What the task requires: Everything in the entries is to be written out exactly, except for the pictures.

Data for the task:
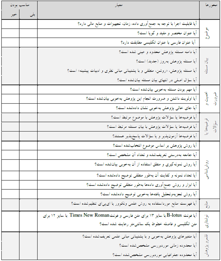 در نهایت پروپوزال تکمیل شده توسط دانشجو یا داوران بر اساس محورهایی به شرح جدول زیر قابل ارزیابی است.
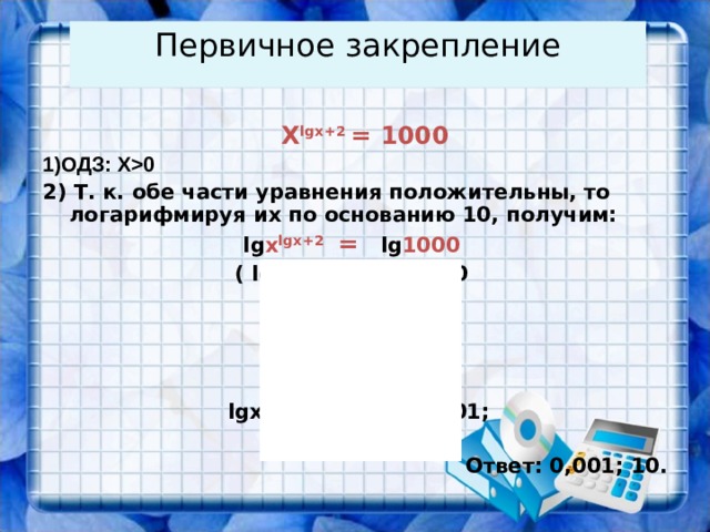 0 2) Т. к. обе части уравнения положительны, то логарифмируя их по основанию 10, получим: lg x lgx+2 = lg 1000 ( lgx+2)·lgx=lg1000 lg 2 x+ 2lgx- 3=0 lgx = y у 2 + 2у- 3=0 y =- 3 , у=1. lgx =- 3 , x =10 -3 =0,001; lgx =1, x =10 Ответ: 0,001; 10. " width="640"
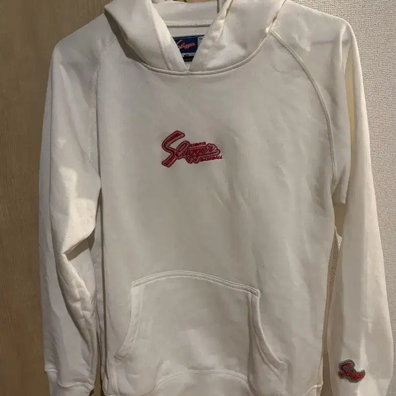 화이트 후드 부착 후드티 로고 자수
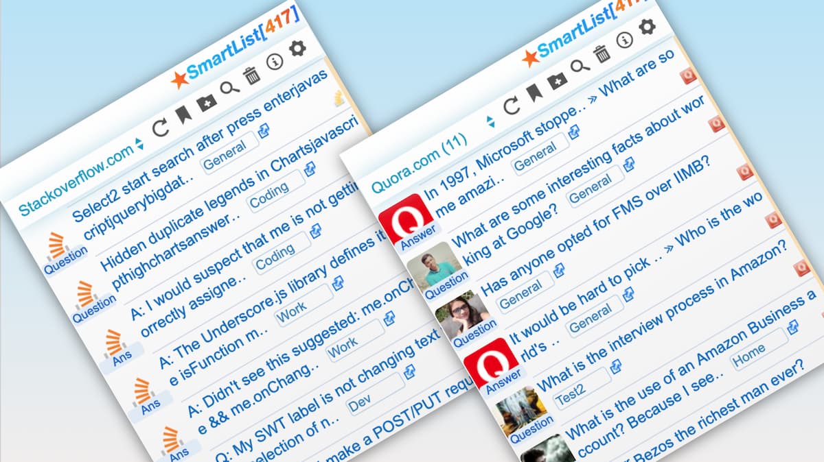 In case of Facebook and Twitter, many users have too many use cases. One would often visit those sites, either to contact a Profile, Messaging, and mostly to browse randoms feed news (plain text, photos, videos, shared articles etc). So, a set of users would Shortlist any interested feed news, another set of users would Shortlist most important profiles to contact quickly, similarly a journalist or an editor would often Shortlist related articles, text and media content, so that they can compile and produce more news. Having 2.5 billion users on Facebook and Twitter, how and what the SmartyList can let them create Shortlists for thousands of use cases is beyond comprehension.
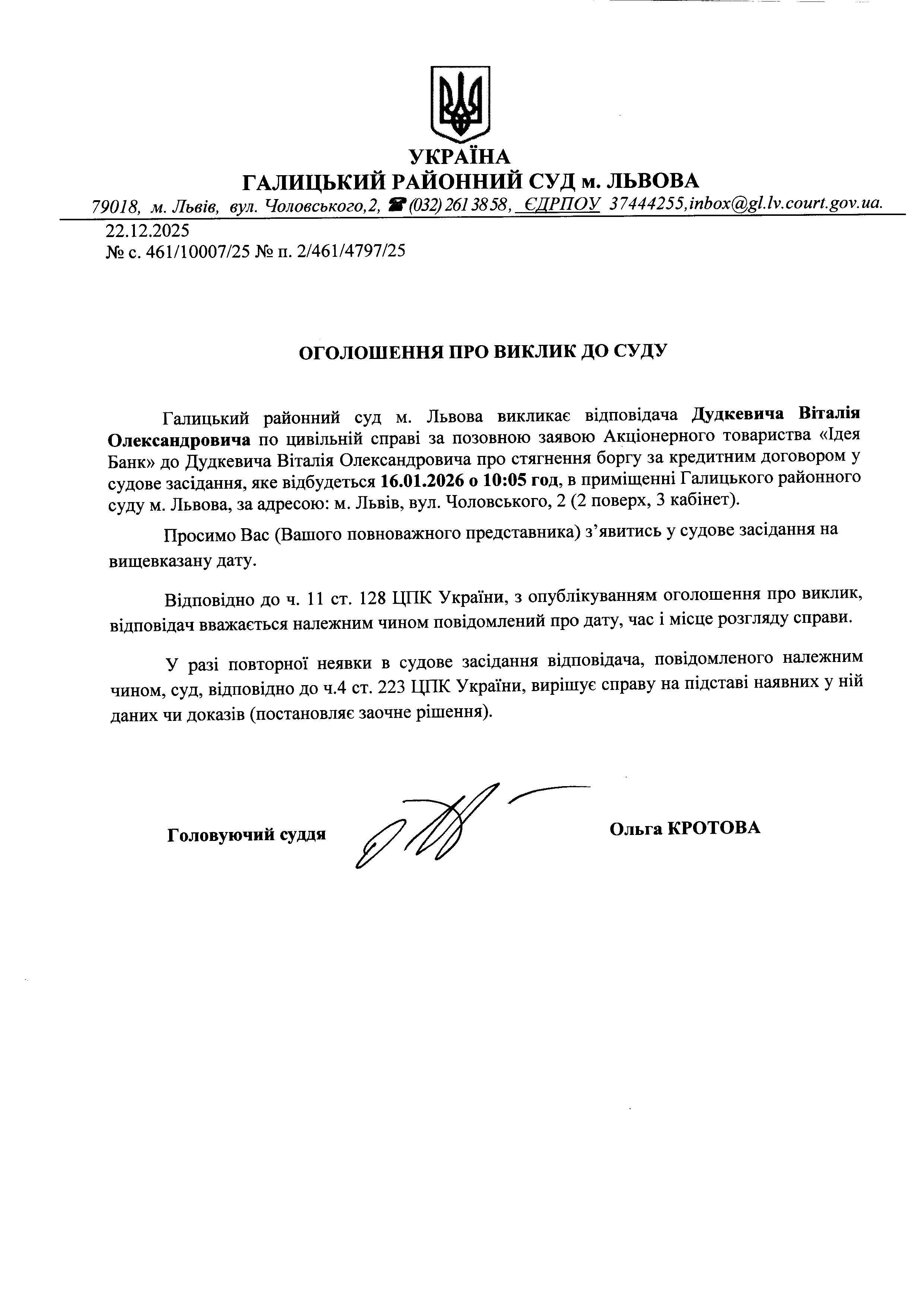 оголошення про виклик Дудкевича В.О.
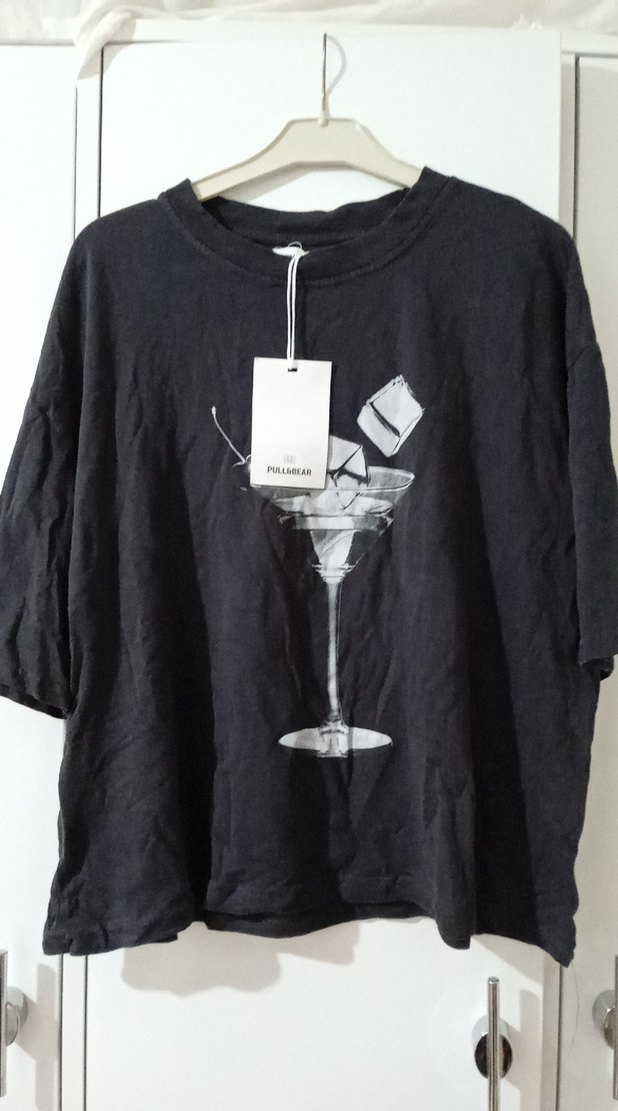 Kısa kollu, siyah kumaştan, baskılı ve bisiklet yakalı, normal boyda, rahat kesim kadın tişörtü. Parti için uygun, zahmetsiz şıklık sunar.

Your solution:
 در نهایت پروپوزال تکمیل شده توسط دانشجو یا داوران بر اساس محورهایی به شرح جدول زیر قابل ارزیابی است.
 0 2) Т. к. обе части уравнения положительны, то логарифмируя их по основанию 10, получим: lg x lgx+2 = lg 1000 ( lgx+2)·lgx=lg1000 lg 2 x+ 2lgx- 3=0 lgx = y у 2 + 2у- 3=0 y =- 3 , у=1. lgx =- 3 , x =10 -3 =0,001; lgx =1, x =10 Ответ: 0,001; 10. " width="640"
 화이트 후드 부착 후드티 로고 자수
 In case of Facebook and Twitter, many users have too many use cases. One would often visit those sites, either to contact a Profile, Messaging, and mostly to browse randoms feed news (plain text, photos, videos, shared articles etc). So, a set of users would Shortlist any interested feed news, another set of users would Shortlist most important profiles to contact quickly, similarly a journalist or an editor would often Shortlist related articles, text and media content, so that they can compile and produce more news. Having 2.5 billion users on Facebook and Twitter, how and what the SmartyList can let them create Shortlists for thousands of use cases is beyond comprehension.
 оголошення про виклик Дудкевича В.О.
 Kısa kollu, siyah kumaştan, baskılı ve bisiklet yakalı, normal boyda, rahat kesim kadın tişörtü. Parti için uygun, zahmetsiz şıklık sunar.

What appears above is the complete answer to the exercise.